[Assigned task]:
Without including any pictures, copy every line below exactly.

BEGIN Material provided

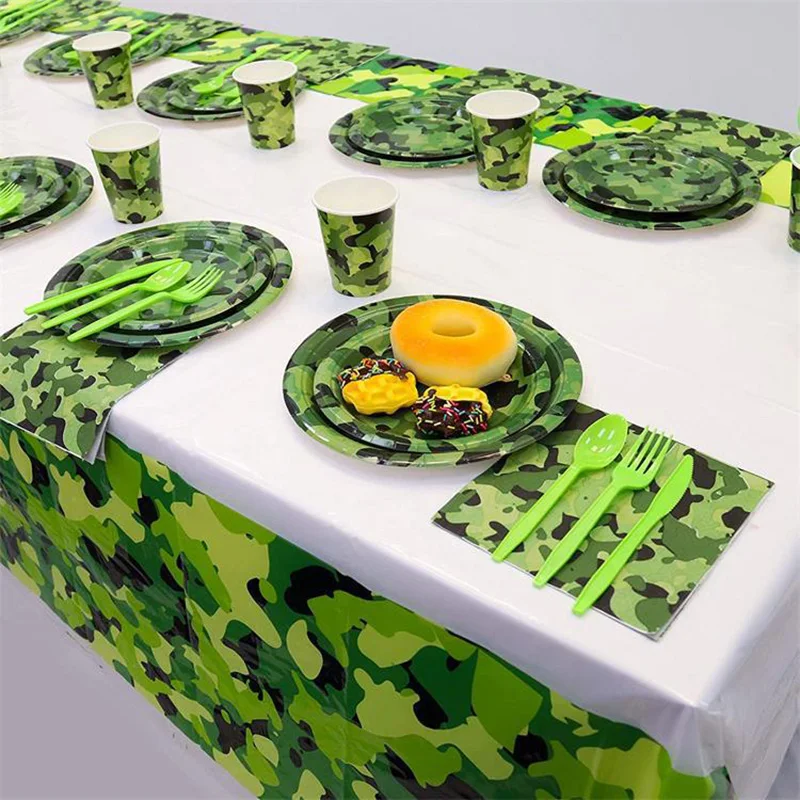 Камуфляжная одноразовая столовая посуда, армейская зеленая скатерть...
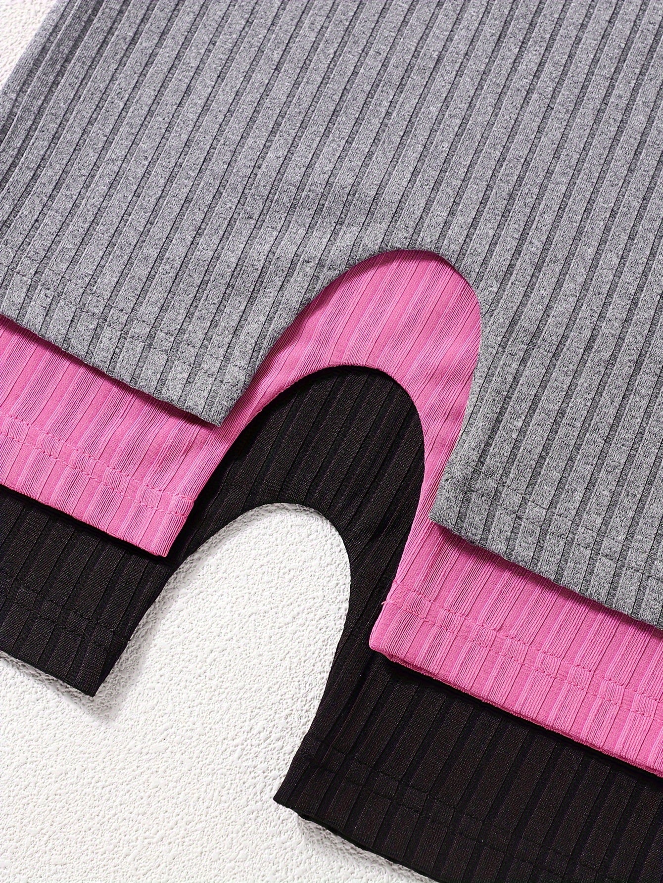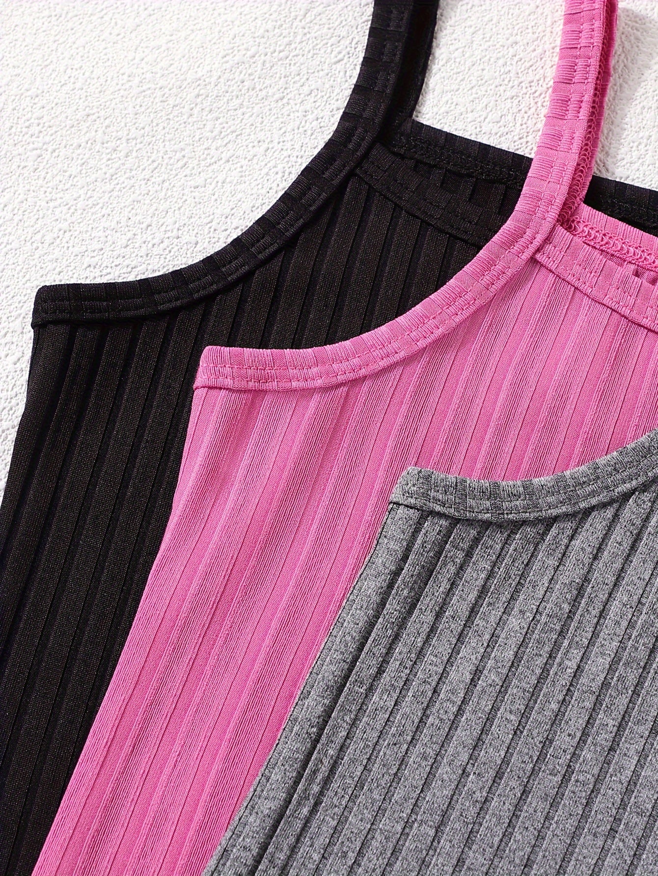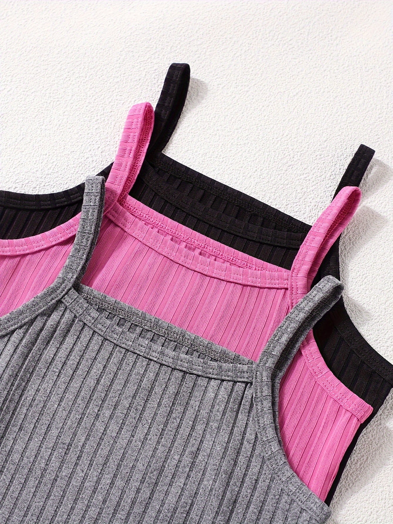 Летний комбинезон с рифлёной бретелью для девочек, 3 шт., однотонные цвета, повседневный уличный стиль
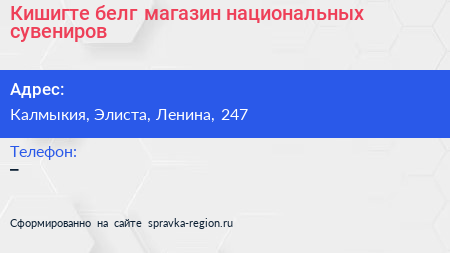 Кишигте белг, магазин национальных сувениров по адресу Калмыкия, Элиста, Ленина, 247 в дальнейшем Организация, размещена в следующих категориях:

END Material provided

[Finished exercise]:
 Камуфляжная одноразовая столовая посуда, армейская зеленая скатерть...
 Летний комбинезон с рифлёной бретелью для девочек, 3 шт., однотонные цвета, повседневный уличный стиль
 Кишигте белг, магазин национальных сувениров по адресу Калмыкия, Элиста, Ленина, 247 в дальнейшем Организация, размещена в следующих категориях:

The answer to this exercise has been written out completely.